Congratulations to Dr. Anna Argento for Defending her Defense

BME Ph.D. Defense:

Structure and Function of Active Nematic Liquid Crystal Order in Brain Tumors

Abstract: Glioblastomas (GBM) are the most common adult brain tumors, characterized by rapid invasion into the normal brain and therapeutic resistance. Our lab previously demonstrated that GBM tumors exhibit self-organized, nematically aligned, multicellular structures, termed “oncostreams,” that influence tumor invasion and malignancy. Oncostreams are regulated by collagen fibers and downregulation of collagen was shown to dismantle oncostream formation. This thesis aims to better characterize and understand the complex, heterogeneous nature of high-grade glioma tumors.

In Chapter 2, I describe an in-vitro model utilized to study the dynamics of glioma oncostreams. I also show the presence of topological defects in this system. 2D topological defects are point-singularities where nematic order is abruptly disrupted. I explore the dynamics of topological defects in-vitro and their functional implications. I find that apoptosis and cell density are highly impacted at defect locations.

In Chapter 3, we move to 3D in-vivo tumors in both mouse models and human patient samples. To understand nematic organization and topological defects within gliomas in 3D, we utilized whole brain clearing and light-sheet scanning microscopy to image tumors with an extremely high resolution. Creating 3D reconstructions and 3D elastic distortion maps allowed us to identify high nematic order domains (before called oncostreams) and to identify topological defects as regions of low nematic order and finite winding number using OpenViewMin. This is the first evidence of 3D topological defects in-vivo within tumors and highlights the complex liquid crystalline order of glioblastomas. Additionally, we find that these topological disclinations form various structures: closed loops with wedge, twist, or wedge-twist-wedge structures or lines starting or ending on blood vessels.
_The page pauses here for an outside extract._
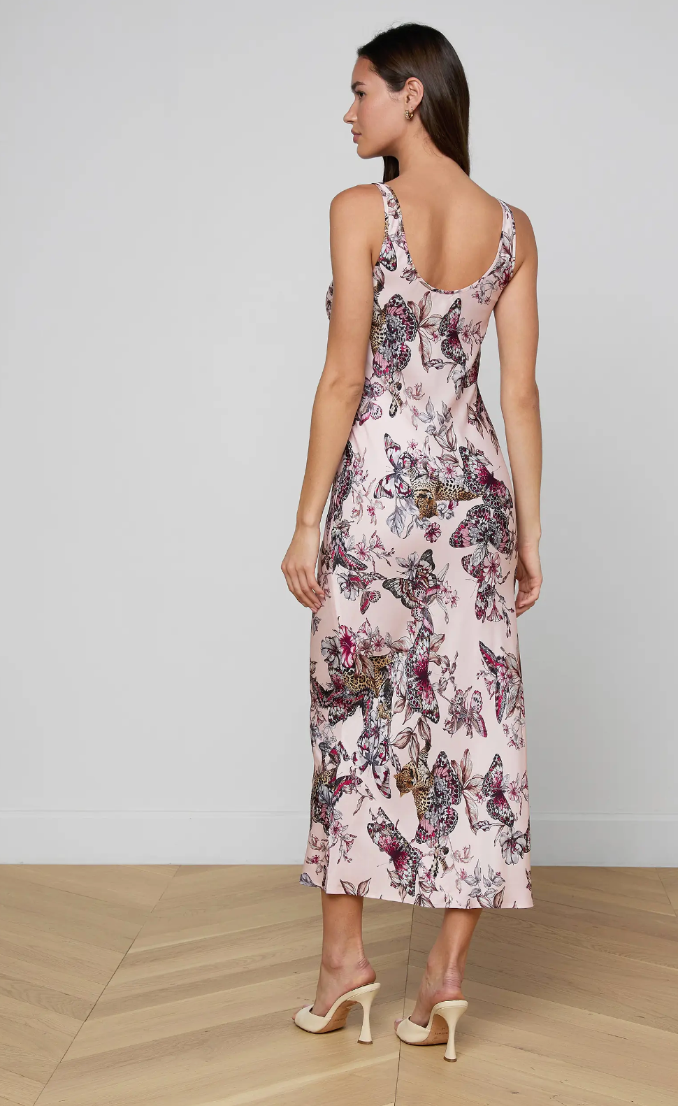 Minimal, elegant, and flattering, the Akiya dress is an evening essential. Lustrous, bias-cut satin drapes beautifully over the figure. Now back in light pink with a butterfly jungle print.
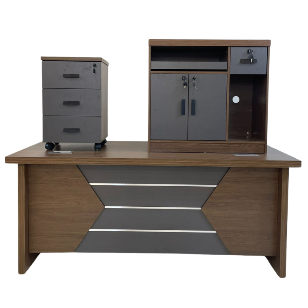 تتمثل الاناقة والفخامة في طقم المكتب هذا، المصنوع من اجود المواد المقاومة للاهتراء والتلف، والمزين بخطوط عرضية في الجهة الامامية تضفي لمسة من التميز للتصميم، هذا المكتب مزود بسكرتاريا ودولاب ادراج لتوفير مساحة واسعة لحفظ أوراق ومستندات العمل.

In Chapter 4, I characterize the 3D in-vivo dynamics of glioma cells using patient-derived organoids and ex-vivo tissue slices of mouse gliomas. This enables us to prove that glioma tumors can be considered 3D active nematic liquid crystals, representing a key step forward in understanding their complex physical features. We believe this new understanding of the structure of glioblastoma organization will lead to the development of therapeutic strategies targeting malignant oncostreams and topological defects.